La photographe Dolorès Marat expose son travail à la galerie La Chambre claire de Douarnenez jusqu’au 10 septembre 2022. La veille du vernissage vendredi 29 juillet, le cinéma Le Club a projeté le film documentaire Dolorès de Thomas Goupille en sa présence. Portrait sensible d’une artiste habitée par l’écriture de la solitude en argentique. Avant de s’immerger le lendemain dans ses images émotion sous l’égide de la lune rouge. Errance poétique nyctalope sur des terres de dérélictions oniriques.
C’est d’abord un portrait. Une rencontre magnétique et délicate à l’écran. Dans Dolorès, le réalisateur Thomas Goupille filme la photographe Dolorès Marat au présent. En plans serrés à travers des réponses à un abécédaire. En plans larges des gestes élémentaires dans son appartement studio d’Avignon à l’accrochage de l’exposition « Cascades » à la Villa Pérochon à Niort. Il filme une photographe qui avance doucement. Qui prend le temps de préparer une salade de tomates, de raccompagner ses invités, de marcher à l’aube, d’observer des dizaines de photos en collier de pellicules. Le temps d’attendre l’instant décisif de la photographie. Créer avec ses tripes. L’image ne se commande pas. L’image surgit de l’instant décisif. L’image comme un cri du ventre dit Dolorès Marat.

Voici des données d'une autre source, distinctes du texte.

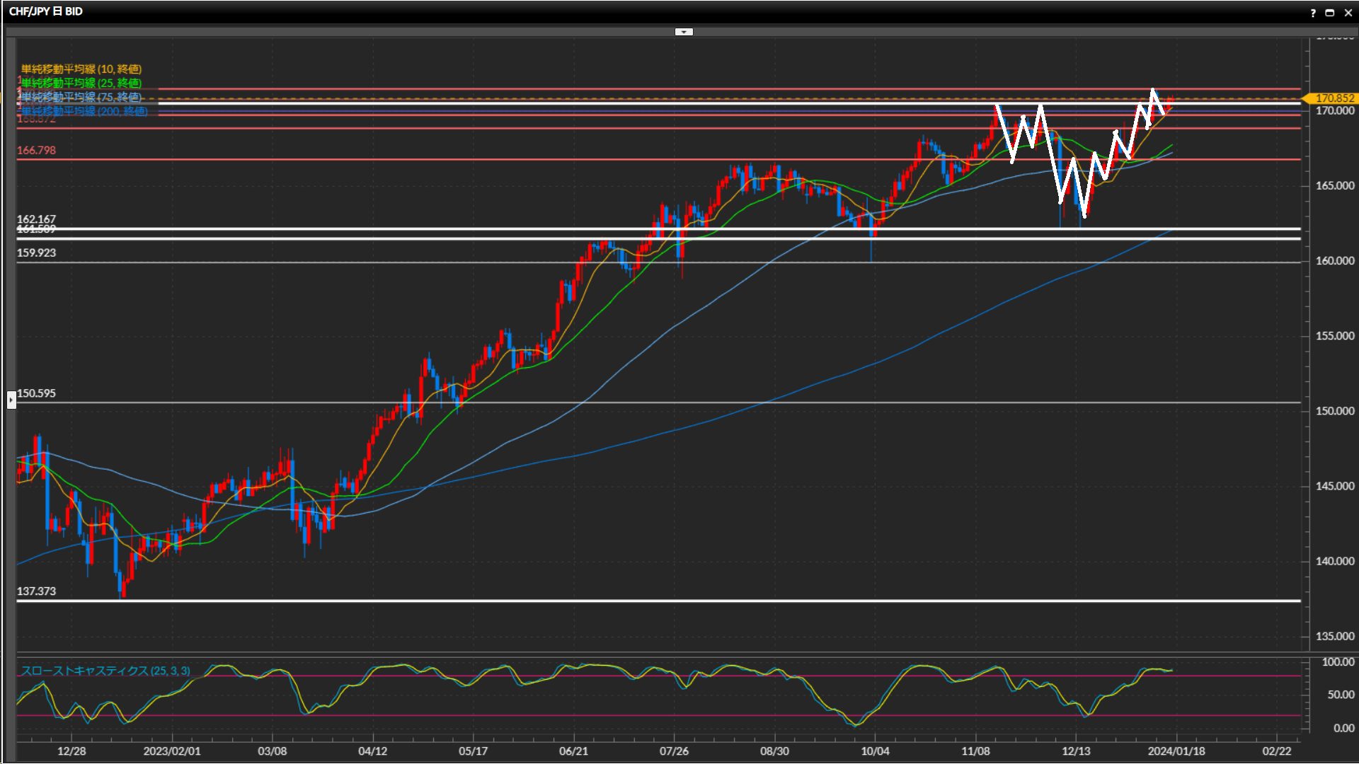 基本はロングだが、最高値171.50円前では手仕舞いが無難。

Une personnalité timide qui avoue avec une sincérité rare ne pas savoir comment s’y prendre avec les mots dans le milieu de la culture. Qui a peur de mal dire. Qui a pleuré les mots mal dits. Qui a parlé tard grâce aux vertus laudatives de la création. Qui évoque ses angoisses sociales que les artistes n’avouent pas en public. Une mère célibataire qui a bataillé seule, le ventre vide, pour nourrir ses enfants et qui a attendu qu’ils grandissent pour se consacrer à sa passion. Un parcours de combattante du quotidien. De l’orphelinat à la reconnaissance tardive. Une longiligne silhouette septuagénaire aux cheveux bataille et fumée de cigarette à la bouche qui dit que la vie est une souffrance mais dont le regard brille de la joie de prendre des photos. Leitmotiv ne pas perdre ce regard.
C’est surtout une exposition. Lune rouge. Cinquante cadres de Dolorès Marat accrochés sur les murs de la galerie La chambre claire. De la beauté fiction des images. De l’ébranlement écarlate des instants à vif. L’émotion intime de chaque image. Une histoire à l’intérieur des cadres. Cinquante histoires avec des animaux isolés. Des lieux vides antiques ou lointains. Des silhouettes urbaines solitaires. Les dérélictions de l’humanité captées en aplats de couleurs. Diapositives chromatiques nimbées d’heure bleue et de chien loup. Dolorès Marat photographie les ombres fragmentées de l’aube et du crépuscule. Photographie à l’aune de la nuitjour. Photographie le monde figé et intemporel. Photographie les mouvements flous du silence. La poésie visuelle de la mélancolie. Des visions texturées. Adepte du procédé de tirage Fresson à Paris, la photographe s’est tournée vers le papier Washi en Provence. Sans jamais recadrer ni retoucher une photo. Donner à voir la sensation brute. Le regard de Dolorès Marat raconte les rencontres imaginaires, les errances nyctalopes, les épidermes qui se grainent à la faveur d’une rencontre fortuite, lors d’un voyage face à l’océan ou en suspension sous la lune. Rouge inéluctablement.